Start of Information supplied

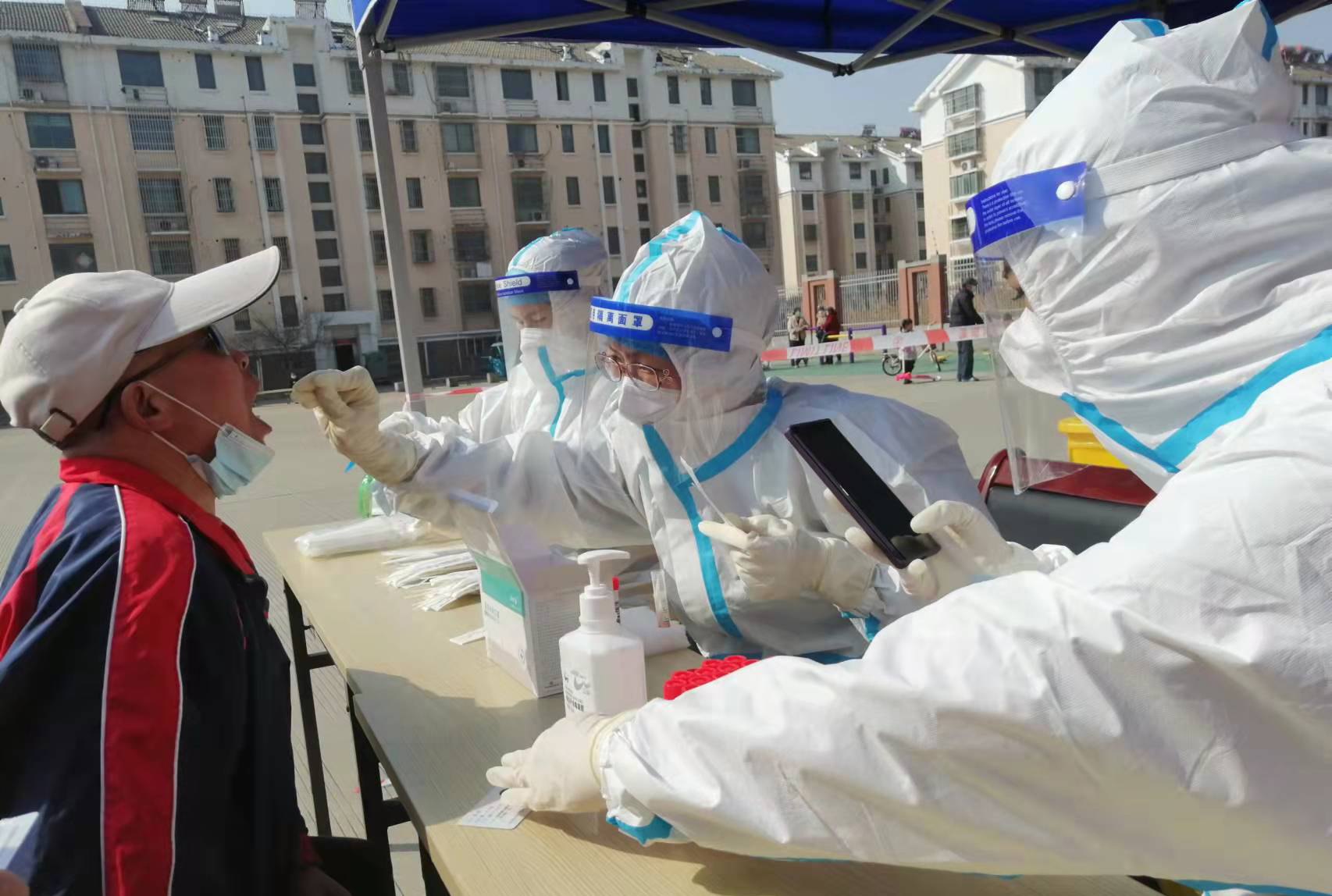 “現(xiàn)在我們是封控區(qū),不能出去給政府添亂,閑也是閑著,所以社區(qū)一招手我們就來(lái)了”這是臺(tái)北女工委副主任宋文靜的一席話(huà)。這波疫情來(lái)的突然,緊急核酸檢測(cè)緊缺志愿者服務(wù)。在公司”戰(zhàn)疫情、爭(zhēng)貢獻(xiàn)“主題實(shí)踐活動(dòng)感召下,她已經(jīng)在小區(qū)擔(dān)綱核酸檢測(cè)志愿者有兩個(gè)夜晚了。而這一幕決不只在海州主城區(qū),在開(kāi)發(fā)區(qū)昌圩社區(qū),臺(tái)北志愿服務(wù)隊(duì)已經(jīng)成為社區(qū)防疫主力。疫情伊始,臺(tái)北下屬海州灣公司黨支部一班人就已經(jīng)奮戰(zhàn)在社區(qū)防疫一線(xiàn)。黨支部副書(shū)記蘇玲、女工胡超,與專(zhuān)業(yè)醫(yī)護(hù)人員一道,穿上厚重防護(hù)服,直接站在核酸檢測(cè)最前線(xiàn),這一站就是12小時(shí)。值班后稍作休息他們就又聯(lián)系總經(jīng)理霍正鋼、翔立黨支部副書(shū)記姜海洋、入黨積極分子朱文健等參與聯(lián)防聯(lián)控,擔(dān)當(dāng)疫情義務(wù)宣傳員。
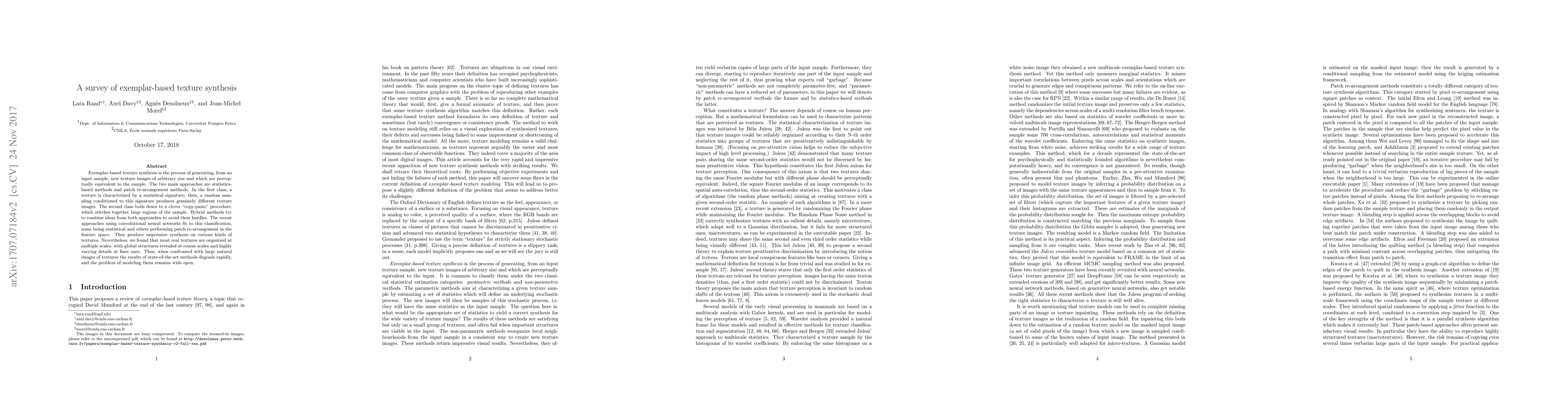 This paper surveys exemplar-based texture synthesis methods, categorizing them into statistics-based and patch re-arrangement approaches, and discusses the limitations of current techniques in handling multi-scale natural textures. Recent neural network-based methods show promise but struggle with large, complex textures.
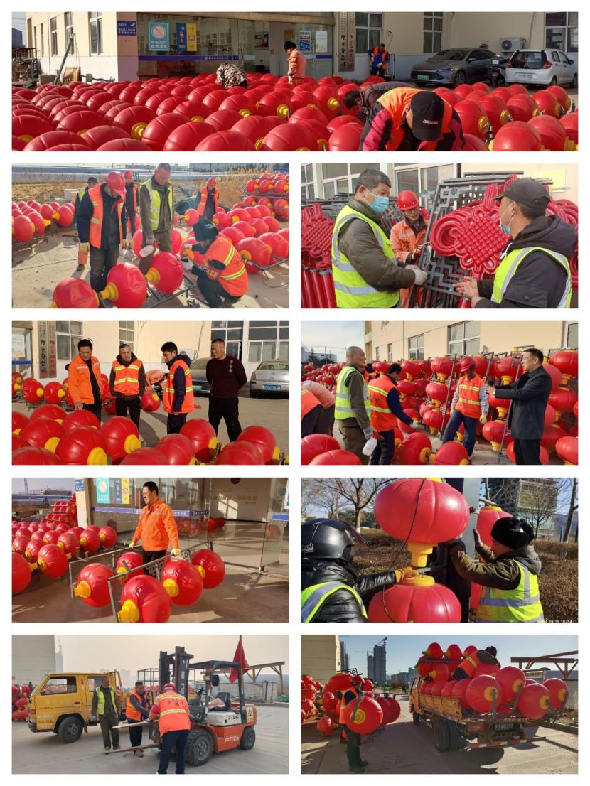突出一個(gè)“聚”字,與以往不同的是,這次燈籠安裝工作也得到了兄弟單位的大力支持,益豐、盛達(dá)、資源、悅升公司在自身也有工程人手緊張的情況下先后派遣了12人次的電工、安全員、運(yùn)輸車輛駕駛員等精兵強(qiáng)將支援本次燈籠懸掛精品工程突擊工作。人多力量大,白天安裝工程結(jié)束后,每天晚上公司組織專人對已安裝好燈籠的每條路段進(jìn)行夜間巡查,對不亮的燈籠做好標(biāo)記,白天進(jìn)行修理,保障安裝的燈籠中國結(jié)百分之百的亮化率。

End of Information supplied

- Exercise description
Reproduce the whole listing above word for word, dropping each image.

- Result below
 “現(xiàn)在我們是封控區(qū),不能出去給政府添亂,閑也是閑著,所以社區(qū)一招手我們就來(lái)了”這是臺(tái)北女工委副主任宋文靜的一席話(huà)。這波疫情來(lái)的突然,緊急核酸檢測(cè)緊缺志愿者服務(wù)。在公司”戰(zhàn)疫情、爭(zhēng)貢獻(xiàn)“主題實(shí)踐活動(dòng)感召下,她已經(jīng)在小區(qū)擔(dān)綱核酸檢測(cè)志愿者有兩個(gè)夜晚了。而這一幕決不只在海州主城區(qū),在開(kāi)發(fā)區(qū)昌圩社區(qū),臺(tái)北志愿服務(wù)隊(duì)已經(jīng)成為社區(qū)防疫主力。疫情伊始,臺(tái)北下屬海州灣公司黨支部一班人就已經(jīng)奮戰(zhàn)在社區(qū)防疫一線(xiàn)。黨支部副書(shū)記蘇玲、女工胡超,與專(zhuān)業(yè)醫(yī)護(hù)人員一道,穿上厚重防護(hù)服,直接站在核酸檢測(cè)最前線(xiàn),這一站就是12小時(shí)。值班后稍作休息他們就又聯(lián)系總經(jīng)理霍正鋼、翔立黨支部副書(shū)記姜海洋、入黨積極分子朱文健等參與聯(lián)防聯(lián)控,擔(dān)當(dāng)疫情義務(wù)宣傳員。
 This paper surveys exemplar-based texture synthesis methods, categorizing them into statistics-based and patch re-arrangement approaches, and discusses the limitations of current techniques in handling multi-scale natural textures. Recent neural network-based methods show promise but struggle with large, complex textures.
突出一個(gè)“聚”字,與以往不同的是,這次燈籠安裝工作也得到了兄弟單位的大力支持,益豐、盛達(dá)、資源、悅升公司在自身也有工程人手緊張的情況下先后派遣了12人次的電工、安全員、運(yùn)輸車輛駕駛員等精兵強(qiáng)將支援本次燈籠懸掛精品工程突擊工作。人多力量大,白天安裝工程結(jié)束后,每天晚上公司組織專人對已安裝好燈籠的每條路段進(jìn)行夜間巡查,對不亮的燈籠做好標(biāo)記,白天進(jìn)行修理,保障安裝的燈籠中國結(jié)百分之百的亮化率。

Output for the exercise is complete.